== Your goal ==
Exclude images; transcribe the rest of the data exactly.

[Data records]

● ● ● ● ●

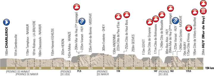 - Mur de Huy (km 163): 1.3 km – 9.3 %
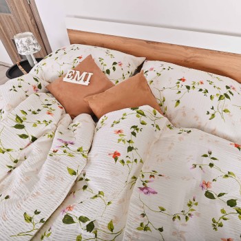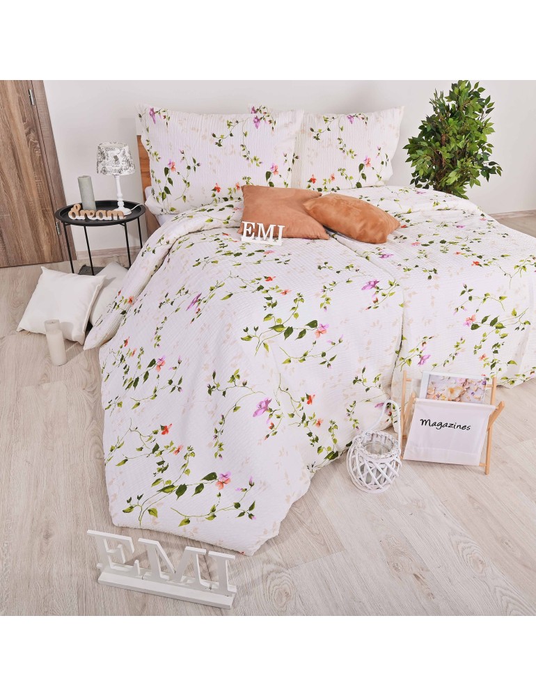 Krepové obliečky Ester s krásnym kvetinovým vzorom sú vyrobené z nakrepovanej 100% bavlny delux. Krepové obliečky sú čoraz populárnejšie vďaka svojim špecifickým vlastnostiam, ktoré ponúkajú. Ich výhodou je hlavne nežehlivý materiál s krepovým efektom, vďaka čomu sú obliečky ešte trvácnejšie. Sú vyrobené na Slovensku.
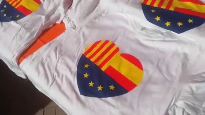 Allí se han querido mezclar sin muchas siglas de partido (apenas han colocado una carpa con el logo de Ciudadanos). El gran protagonismo del día se lo ha llevado un corazón estampado con las banderas de Cataluña, España y de la Unión Europea. Un símbolo para ellos del que ya tiraron en las elecciones catalanas del 25N de 2012 y con el que defienden que se sienten catalanes, españoles y europeos.
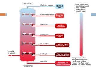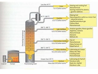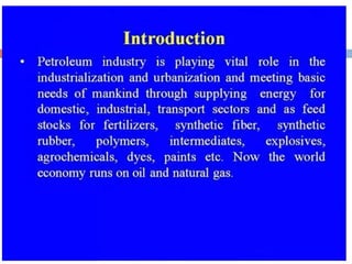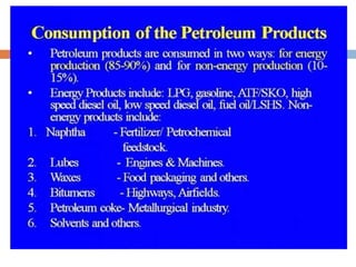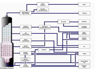 Petroleum refineries process crude oil through separation and conversion steps to produce useful petroleum products. Crude oil is distilled and separated into fractions like gasoline, diesel, and residual fuel oil. Pakistan has several large petroleum refineries that process over 100,000 barrels of crude oil per day into fuels, lubricants, and feedstocks for the chemical industry. Refineries operate complex systems to continuously process crude oil into products through distillation, cracking, reforming, and other processes.
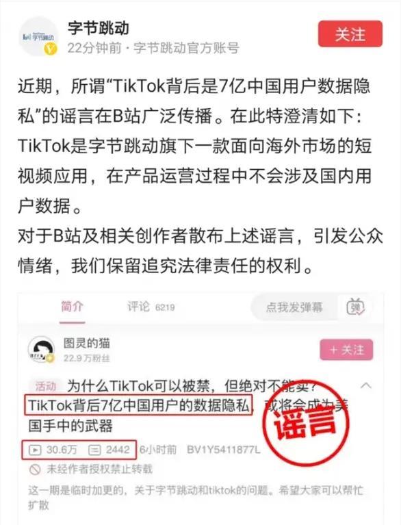 1、字节跳动官方账号发布声明称,对于近期在B站平台广泛流传的“TikTok背后是7亿中国用户数据隐私”谣言,字节跳动将对B站及相关创作者保留追究法律责任的权利。在声明中字节跳动表示:“TikTok是字节跳动旗下一款面向海外市场的短视频应用,在产品运营过程中不会涉及国内用户数据。”
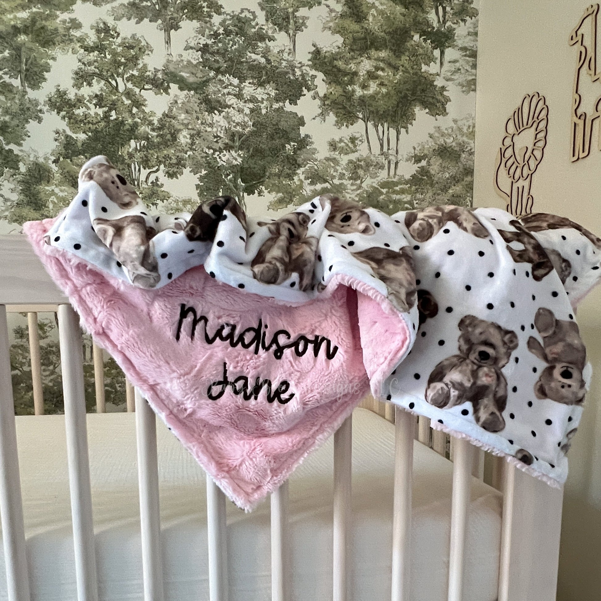 Introducing our adorable minky baby blankets, lovingly handcrafted in the USA exclusively for your little boo 💗 These blankets are not only perfect for your baby's growth journey, but they also become cherished keepsakes for years to come. Get ready for a playful twist with our selection of delightful designer prints that perfectly match with cozy minky backs. We bring together originality and practicality to delight both mom and baby.
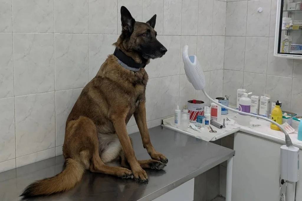 Un Belusky assis sur une table et portant un collier autour du cou
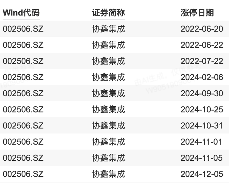 协鑫集成上一次涨停是在2024年12月5日。此前的2024年10月至12月,协鑫集成也曾多次涨停,当时光伏板块整体走强,同时协鑫集成一笔48.42亿元的定增在当年11月获得证监会通过,推动股价上涨。
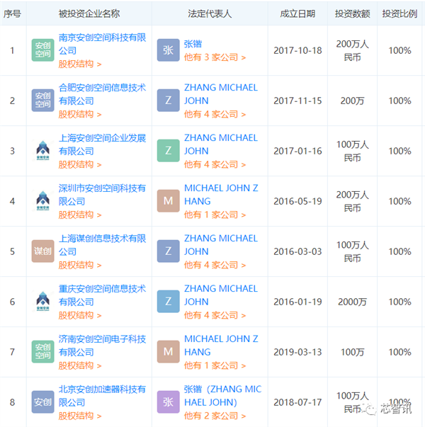 通过天眼查可以看到,吴雄昂控制的蔻森信息旗下拥有一家持股99%的子公司——安创科技,同时,蔻森信息还参股了5家公司。总的这6家公司中的5家的名字中都带有“安创”两个字。
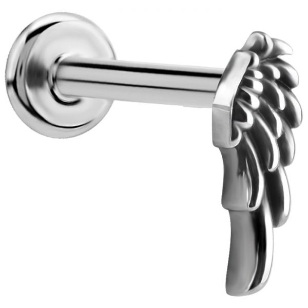 helix de acero quirurgico diseño ala. el sistema de apertura es a través de “rosca interna” sus medidas son de 1.2mm de grosor, largo del eje de  7.0mm y 8.0mm. el diseño del ala es de 3.8x 11 mm. esta joya es ideal para el hélix, lóbulo o conch de la oreja.
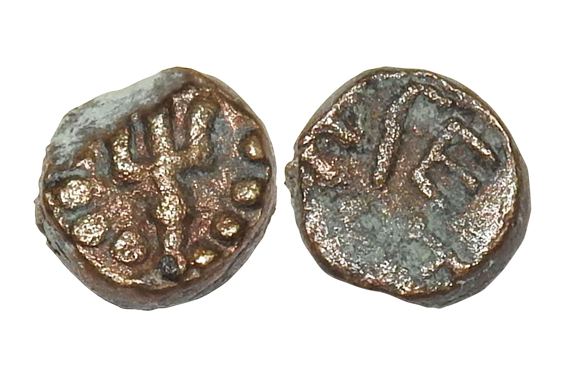 Nagas of Padmavati, Copper coin of Deva Naga, c.325 - 335 AD, PAIC 1311, 1.20 grams. Obv: trident in dotted circle. Rev: Brahmi legend Maharaja Shri…. inscribed circular. Very fine+, Scarce.
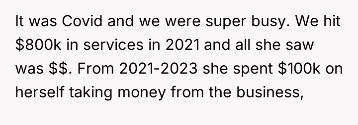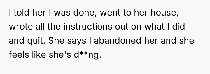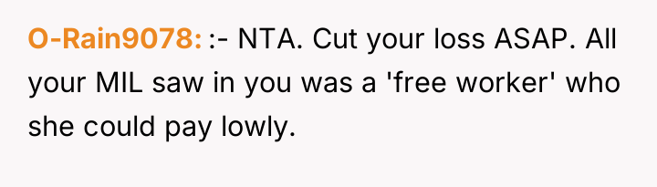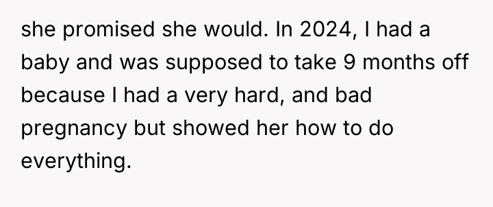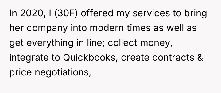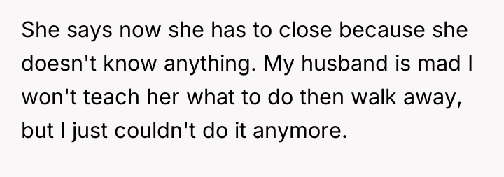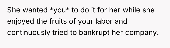The OP invested significant time, skills, and emotional labor—agreeing to low pay initially, returning early after childbirth, and repeatedly saving the business from collapse. When the MIL claimed she felt 'abandoned' after the OP quit, this reinforces the pattern where the OP is expected to prioritize the MIL’s emotional comfort and dependence over their own well-being and professional capacity. The husband’s reaction suggests an adherence to the family dynamic that values appeasement over self-preservation for the OP.
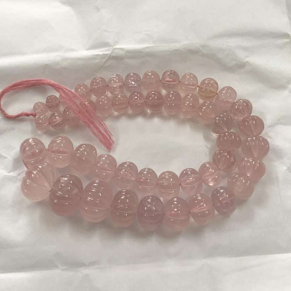 Product Name:Natural Rose Quartz Carved Melon Shape Gemstone Beads
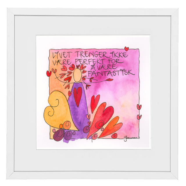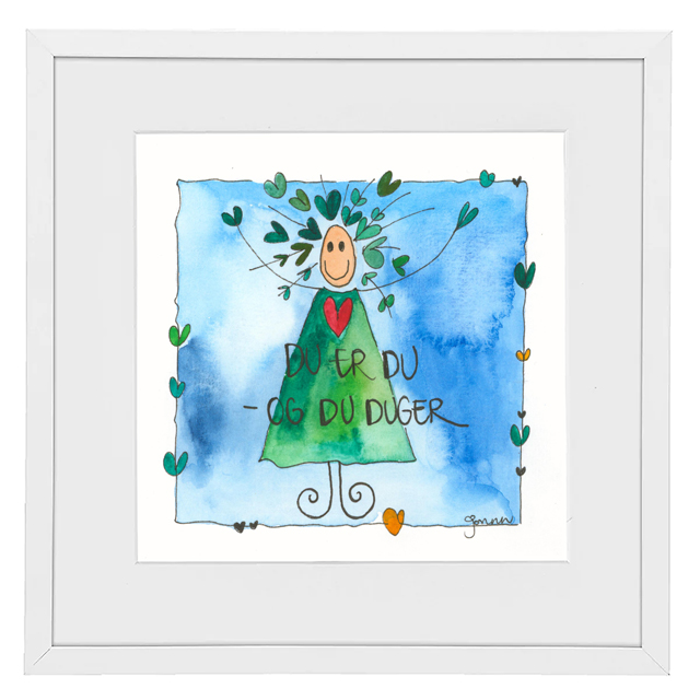 Håndmalt go’ordbilde. Selve bildet er ca 11x11cm. Ferdig innrammet med passepartout og aluminiumsramme med glass. Ca.20x20cm.
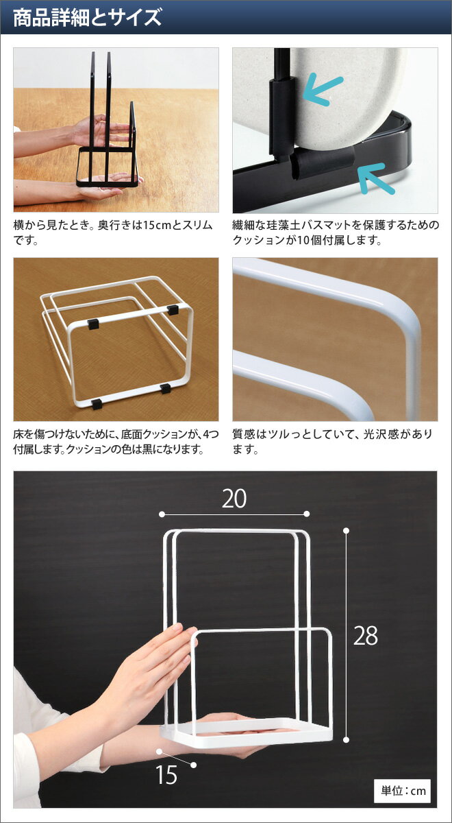 でも珪藻土バスマット用にクッションが10個付属し、立てかけるときも安心。

● ● ● ● ●

== Solution for this exercise ==
 - Mur de Huy (km 163): 1.3 km – 9.3 %
 Krepové obliečky Ester s krásnym kvetinovým vzorom sú vyrobené z nakrepovanej 100% bavlny delux. Krepové obliečky sú čoraz populárnejšie vďaka svojim špecifickým vlastnostiam, ktoré ponúkajú. Ich výhodou je hlavne nežehlivý materiál s krepovým efektom, vďaka čomu sú obliečky ešte trvácnejšie. Sú vyrobené na Slovensku.
 Allí se han querido mezclar sin muchas siglas de partido (apenas han colocado una carpa con el logo de Ciudadanos). El gran protagonismo del día se lo ha llevado un corazón estampado con las banderas de Cataluña, España y de la Unión Europea. Un símbolo para ellos del que ya tiraron en las elecciones catalanas del 25N de 2012 y con el que defienden que se sienten catalanes, españoles y europeos.
 Petroleum refineries process crude oil through separation and conversion steps to produce useful petroleum products. Crude oil is distilled and separated into fractions like gasoline, diesel, and residual fuel oil. Pakistan has several large petroleum refineries that process over 100,000 barrels of crude oil per day into fuels, lubricants, and feedstocks for the chemical industry. Refineries operate complex systems to continuously process crude oil into products through distillation, cracking, reforming, and other processes.
 1、字节跳动官方账号发布声明称,对于近期在B站平台广泛流传的“TikTok背后是7亿中国用户数据隐私”谣言,字节跳动将对B站及相关创作者保留追究法律责任的权利。在声明中字节跳动表示:“TikTok是字节跳动旗下一款面向海外市场的短视频应用,在产品运营过程中不会涉及国内用户数据。”
 Introducing our adorable minky baby blankets, lovingly handcrafted in the USA exclusively for your little boo 💗 These blankets are not only perfect for your baby's growth journey, but they also become cherished keepsakes for years to come. Get ready for a playful twist with our selection of delightful designer prints that perfectly match with cozy minky backs. We bring together originality and practicality to delight both mom and baby.
 Un Belusky assis sur une table et portant un collier autour du cou
 协鑫集成上一次涨停是在2024年12月5日。此前的2024年10月至12月,协鑫集成也曾多次涨停,当时光伏板块整体走强,同时协鑫集成一笔48.42亿元的定增在当年11月获得证监会通过,推动股价上涨。
 通过天眼查可以看到,吴雄昂控制的蔻森信息旗下拥有一家持股99%的子公司——安创科技,同时,蔻森信息还参股了5家公司。总的这6家公司中的5家的名字中都带有“安创”两个字。
 helix de acero quirurgico diseño ala. el sistema de apertura es a través de “rosca interna” sus medidas son de 1.2mm de grosor, largo del eje de  7.0mm y 8.0mm. el diseño del ala es de 3.8x 11 mm. esta joya es ideal para el hélix, lóbulo o conch de la oreja.
 Nagas of Padmavati, Copper coin of Deva Naga, c.325 - 335 AD, PAIC 1311, 1.20 grams. Obv: trident in dotted circle. Rev: Brahmi legend Maharaja Shri…. inscribed circular. Very fine+, Scarce.
The OP invested significant time, skills, and emotional labor—agreeing to low pay initially, returning early after childbirth, and repeatedly saving the business from collapse. When the MIL claimed she felt 'abandoned' after the OP quit, this reinforces the pattern where the OP is expected to prioritize the MIL’s emotional comfort and dependence over their own well-being and professional capacity. The husband’s reaction suggests an adherence to the family dynamic that values appeasement over self-preservation for the OP.
 Product Name:Natural Rose Quartz Carved Melon Shape Gemstone Beads
 Håndmalt go’ordbilde. Selve bildet er ca 11x11cm. Ferdig innrammet med passepartout og aluminiumsramme med glass. Ca.20x20cm.
 でも珪藻土バスマット用にクッションが10個付属し、立てかけるときも安心。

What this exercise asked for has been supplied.